> Exercise:
Output the entries exactly. Start at the first line, finish with the line containing "A luxurious pure", and omit the pictures.

Records drawn from a dataset:
---*---

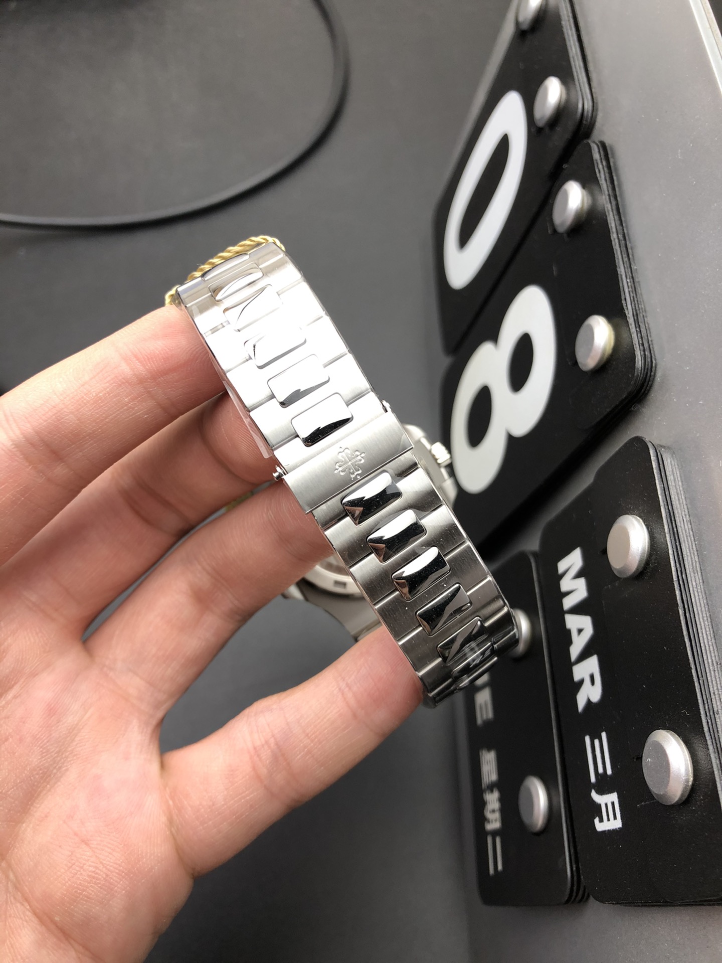 - ブレスレット:新設計の一体型ステンレスブレスレット。リンクの可動角度・ロック音・ヒンジ構造が純正と完全一致。
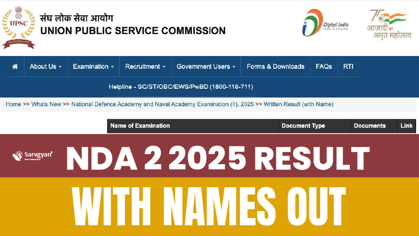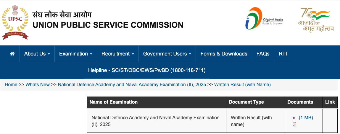 NDA result is released at upsc.gov.in. Along with the NDA 2 2025 result, the authority has also released the NDA 1 2025 final result.
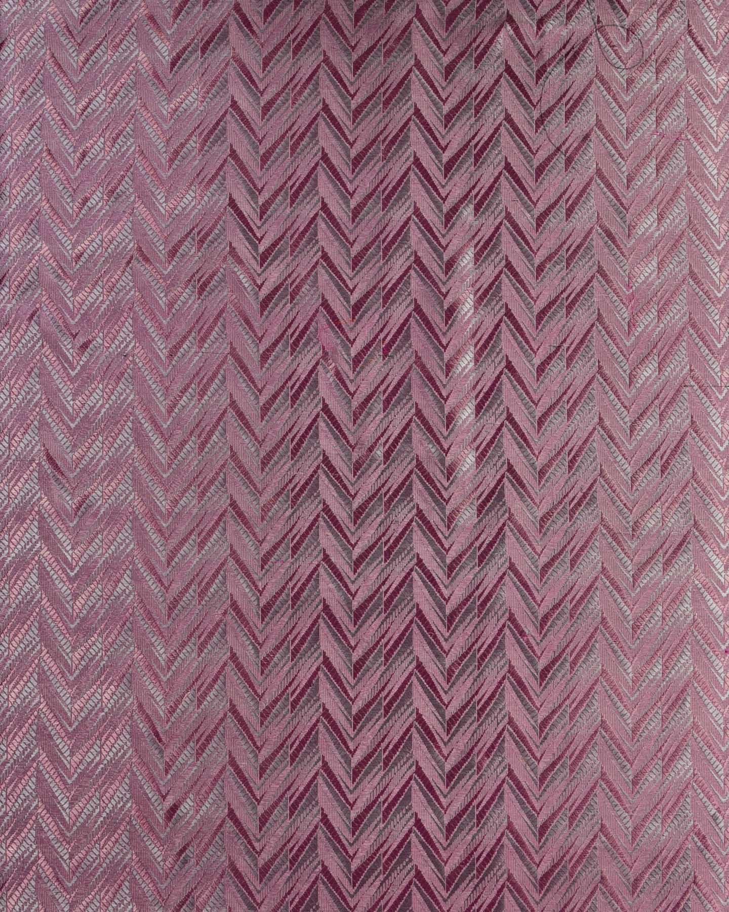 A luxurious pure silk handloom fabric with gold and silver premium metallic zari weave in a stylised herring-bone pattern. Just one look makes one fall in love with the richness of the weave, only possible on a handloom.
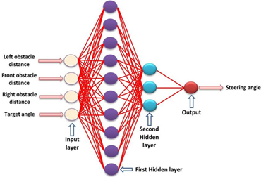 An artificial neural network (ANN) is an intelligent system composed of many small, tightly coupled processing components. These aspects convey information due to their ability to respond dynamically to environmental stimuli. Essentially, NNs are represented by ordered layers of related nodes. Nodes have an activation function. The pattern evidenced below can be recognized from the input layer of the NN mechanism [21]. These patterns are then combined with the embedded layer for the actual processing using weighted interconnection devices. The output layer communicates with the hidden layer to provide the required response. NN properties such as generalization, massively parallelism, distributed representation, learning ability, and fault tolerance can support mobile robot navigation. A NN for navigating a wheeled cellular robot in an unfamiliar environment. He used his two NN-based strategies to create collision-free paths. While the first neural mechanism uses sensory facts to discover unoccupied spaces, the second neural community (NN) computes safe paths by avoiding the nearest obstacles. To keep away from the human direction, Qiao et al. We advocate an independent acquisition of the navigation system [22]. Without human intervention, the NN adapts to the complexity of the environment by inserting and removing new hidden layers at specific training points to perform navigation tasks. Fast Simultaneous Localization and Mapping (Fast SLAM) is a method developed by Li et al. An approach that uses NNs to prevent the accumulation of errors is introduced using bad odometry mannequins and bad linearization of nonlinear SLAM functions. Using NN and Fast SLAM improves the ability of cellular robots to constantly navigate new areas while avoiding collisions with objects. The robot's navigation manoeuvres should obtain satisfactory possible sequences. Many techniques have been integrated into NNs as hybrid mechanisms. Young-gyun et al. Describe a mixed NN and APF effort to achieve cooperative and competitive coordination for behavior-based control [21].
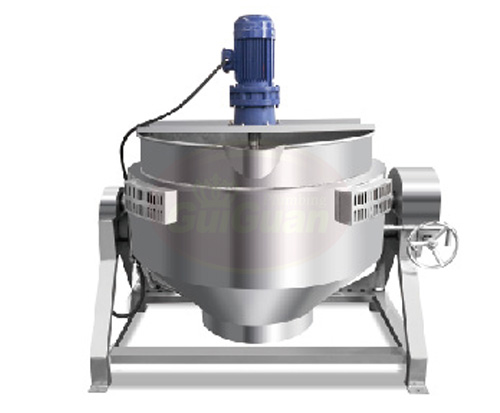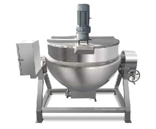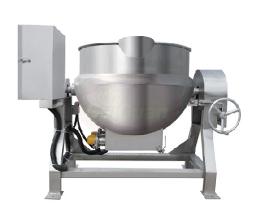 本产品锅体为一次冲压成型的半球不锈钢锅体,采用电加热、蒸汽加热、燃气加热,搅拌方式采用特殊的倾斜传动,使用的行星搅拌器与锅体充分接触,实现传动公转与自转的不整数传动比,使锅内无搅拌死角。使用先进的传动与密封结构,使传动部分与锅内洁净、卫生。采用变频调速动力,运行更平稳。电磁加热形式打破了明火烹调方式,具有升温快、无明火、无烟尘、无有害气体,对周围环境不产生热辐射,安全性好和外观美观等特点,是性能优良的食品加工设备。
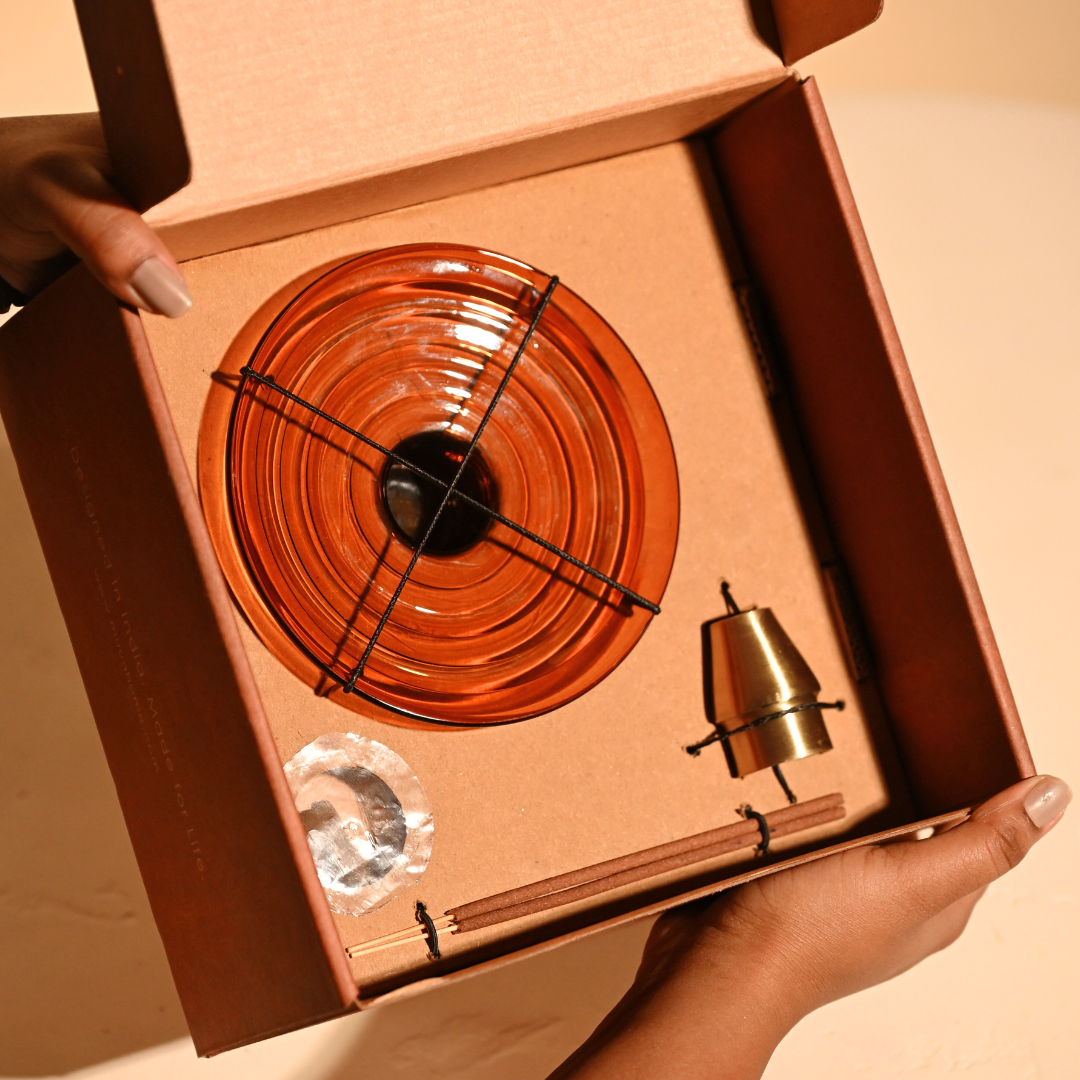 What's in the box? 1 Amber Glass Incense Holder Base + 1 Brass Incense Holder Insert + 2 Dhoop Cones + 2 Incense Holders.
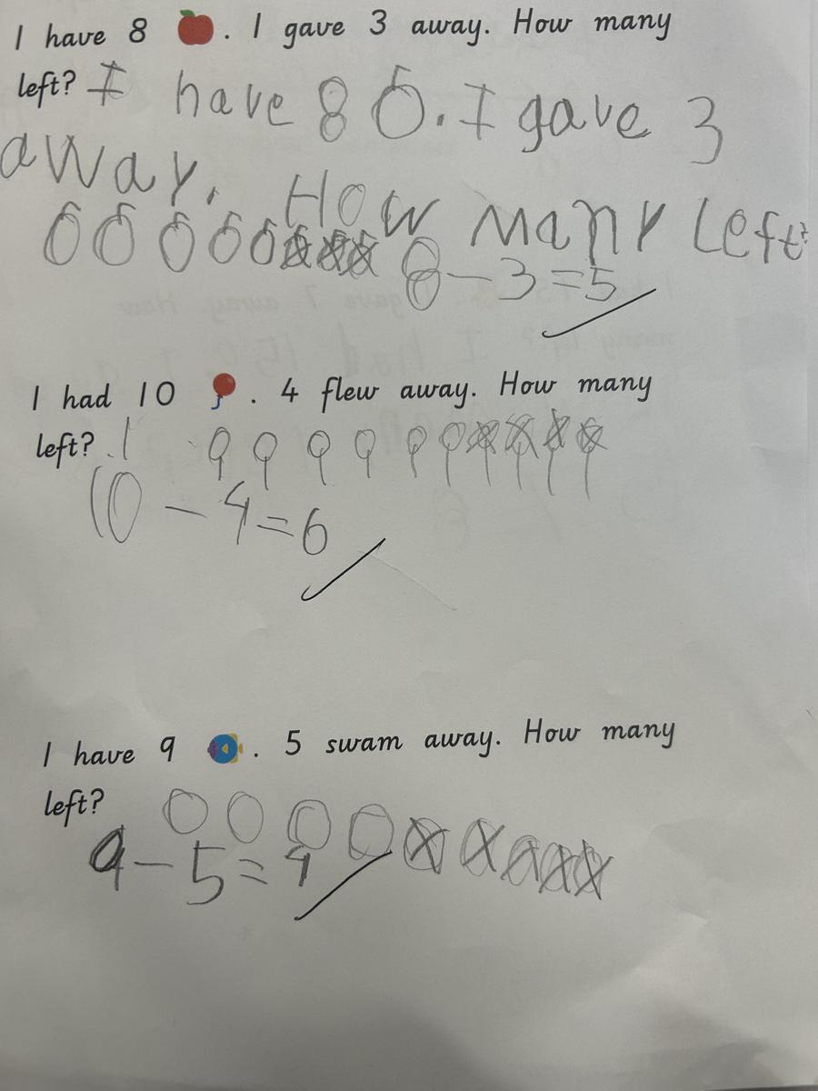 In Numeracy, we have wrapped up our subtraction unit by working through worded problems. Students have been learning to understand subtraction language such as “take away” and “how many left?” within a sentence. They have also practised generating their own subtraction number sentences and figuring out the answers from the problems given. It has been wonderful to see their growing confidence in using mathematical language to explain their thinking.
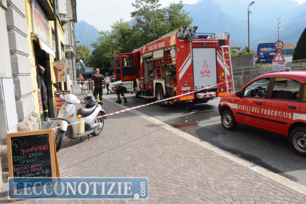 Immediata la chiamata ai soccorsi, con i Vigili del Fuoco di Lecco che sono giunti sul posto con una autobotte,. I pompieri, per poter accedere al locale hanno dovuto sfondare la vetrina quindi, dotati di maschere, bombole e idrante sono riusciti a spegnere il rogo. Sul posto anche una pattuglia della Polizia Locale. Inevitabile qualche disagio alla viabilità del centro città.
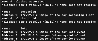 iotd 서비스의 컨테이너를 3개로 늘리고 애플리케이션 컨테이너에 접속한 뒤, nslookup으로 accesslog, iotd의 ip 주소를 서비스 이름으로 검색하였다. nslookup은 애플리케이션의 기반이미지에 들어있는 유틸리티다.
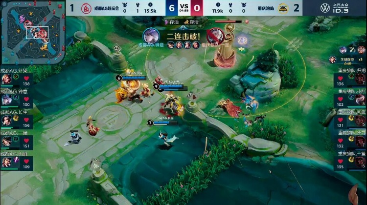 【12:40】张飞大招配合孙策大招直接强开,狼队直接被秒掉四人,AG拿下胜利!
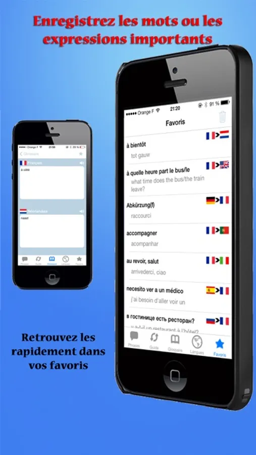 Pour les phrases que vous utiliserez le plus souvent, vous avez la possibilité de les enregistrer dans les favoris et ainsi d’y accéder encore plus rapidement.
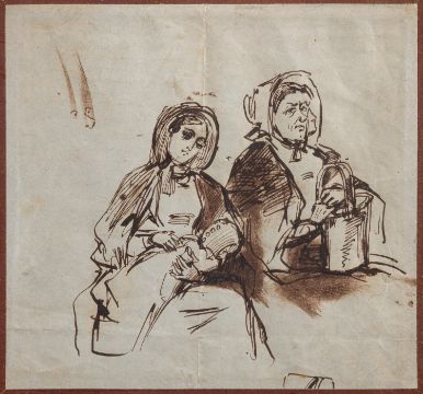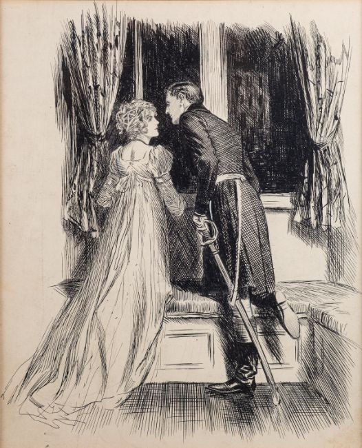 Henry Matthew Brock (British, 1875-1960) An entrance scene Pen and ink drawing 18 x 14cm Signed lower left Together with Fred Pegram (British, 1870-1937), a group scene, an ink drawing, signed and dated 98; and two other unsigned Victorian ink drawings with genre scenes (4)
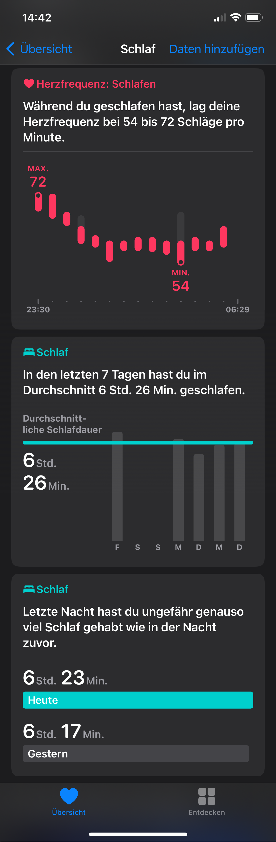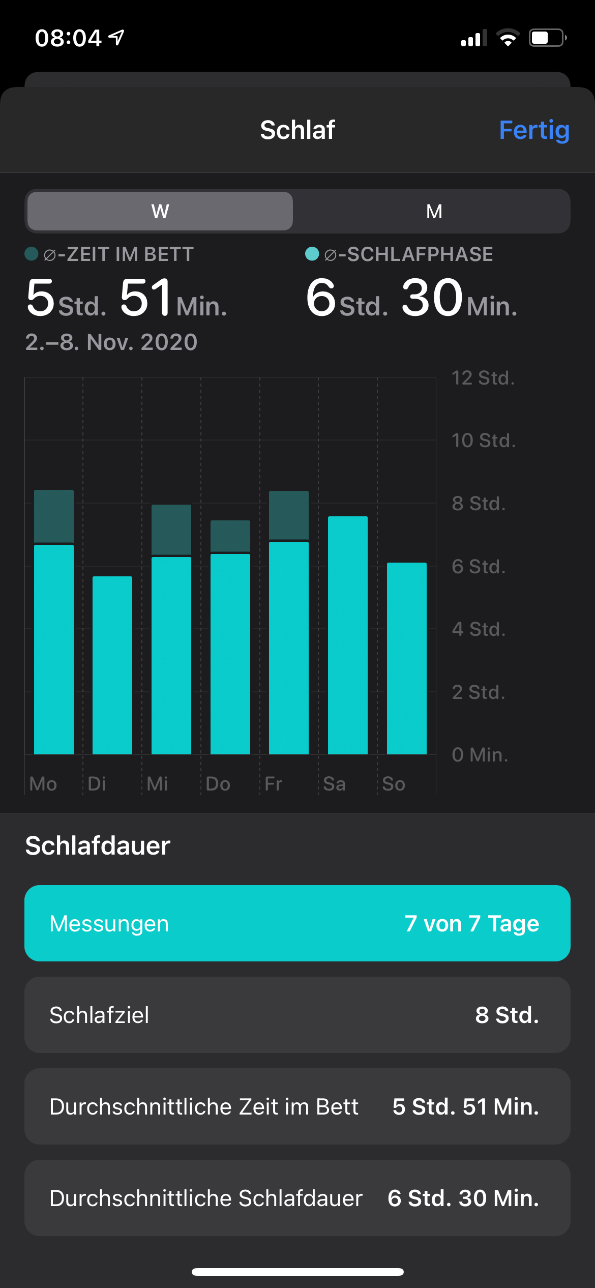 Die Watch erfasst die Einschlaf- und Aufwachzeit sowie Unterbrechungen. Übersichtsdiagramme vergleichen den Verlauf der letzten Tage und Wochen und stellen dar, ob man das für die Werktage und Wochenenden gesteckte Schlafziel erreicht hat. Herzfrequenz und Sauerstoffsättigung liefert die Health App zwar, kombiniert sie aber nicht zu einem gemeinsamen Schlafdiagramm. Zudem dürften die unregelmäßigen Messungen, anders als bei Fitbit, kaum Hinweise auf eine Schlafapnoe geben können.
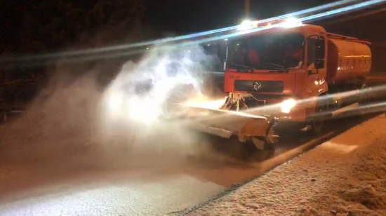 同时,全力做好西北通道八达岭地区雪天交通保障工作,至今早上7时,八达岭地区G6辅路、京银路共出动铲冰除雪作业人员62人次,出动机械设备12台套,撒布固体融雪剂8吨,液体融雪剂96吨,累计除雪里程30公里。
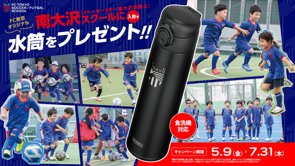 FC 도쿄 축구·풋살 스쿨에서는 5월 9일(금)부터 7월 31일(목)까지 「미나미오사와 스쿨 한정! 오리지널 디자인 물통 증정 입회 캠페인」을 실시합니다.
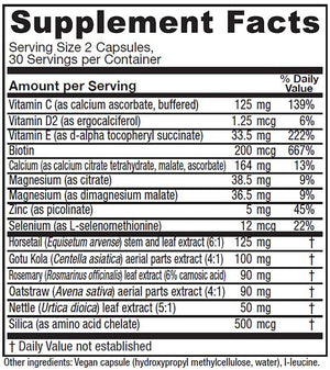 SERVINGS PER CONTAINER: 30INGREDIENTS: calcium ascorbate buffered (Vitamin C), ergocalciferol (Vitamin D2), d-alpha tocopheryl succinate (Vitamin E), Biotin, Calcium (calcium citrate tetrahydrate, malate, ascorbate), Magnesium (citrate), Magnesium (dimagnesium malate), Zinc (picolincate), Selenium (L-selenomethionine), Horsetail stem and leaf extract (6:1), Gotu Kola aerial parts extract (4:1), Rosemary leaf extract (6% camosic acid), Oatstraw aerial parts extract (4:1), Nettle leaf extract, Silica.
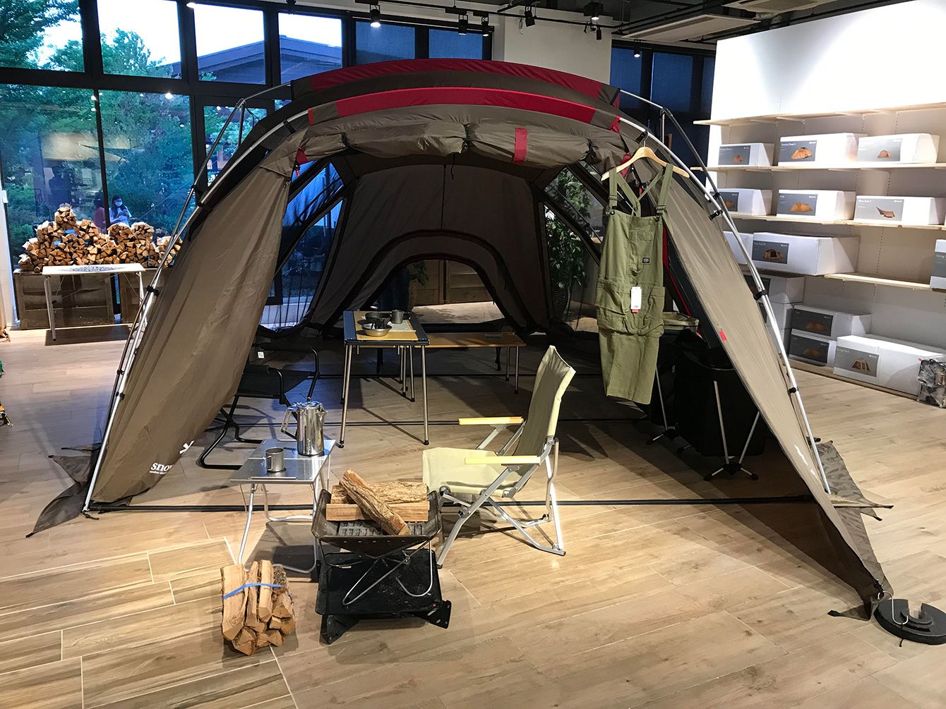 「スノーピーク 昭島アウトドアヴィレッジ」の店内の様子。焚火用の薪も置かれている
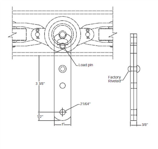 刚性直边吊坠与刚性 U 形吊坠类似,只是侧面是直的。其间距可以是 6 英寸的倍数。它直接连接到传送链垂直链节上的负载销上,表面镀锌。
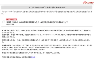 【悲報】ドコモメール、保護設定のメールを消失し復元不可能と発表。32万人に影響
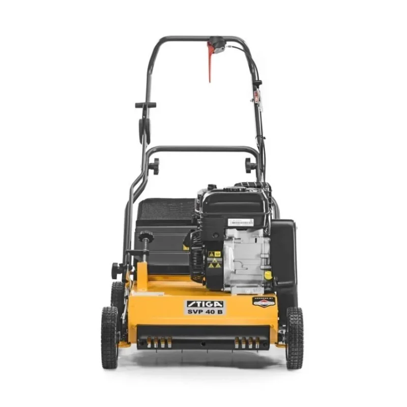 Benzininis Stiga SVP 40 G skarifikatorius, varomas Stiga TM 60 keturtakčiu varikliu, užtikrinančiu efektyvumą ir patikimumą. Jame įdiegti 32 „plaukiojantys” peiliukai, ypač kokybiškam aeravimui. Darbinis plotis – 40 cm. Darbinį gylį galima nustatyti į vieną iš 5 padėčių, nuo -15 iki 0 mm., taigi galima pasirinkti labiausiai tinkamą. Žolės liekanos ir samanos surenkamos į 50 litrų talpos krepšį.

---*---

> Answer section:
 - ブレスレット:新設計の一体型ステンレスブレスレット。リンクの可動角度・ロック音・ヒンジ構造が純正と完全一致。
 NDA result is released at upsc.gov.in. Along with the NDA 2 2025 result, the authority has also released the NDA 1 2025 final result.
 A luxurious pure silk handloom fabric with gold and silver premium metallic zari weave in a stylised herring-bone pattern. Just one look makes one fall in love with the richness of the weave, only possible on a handloom.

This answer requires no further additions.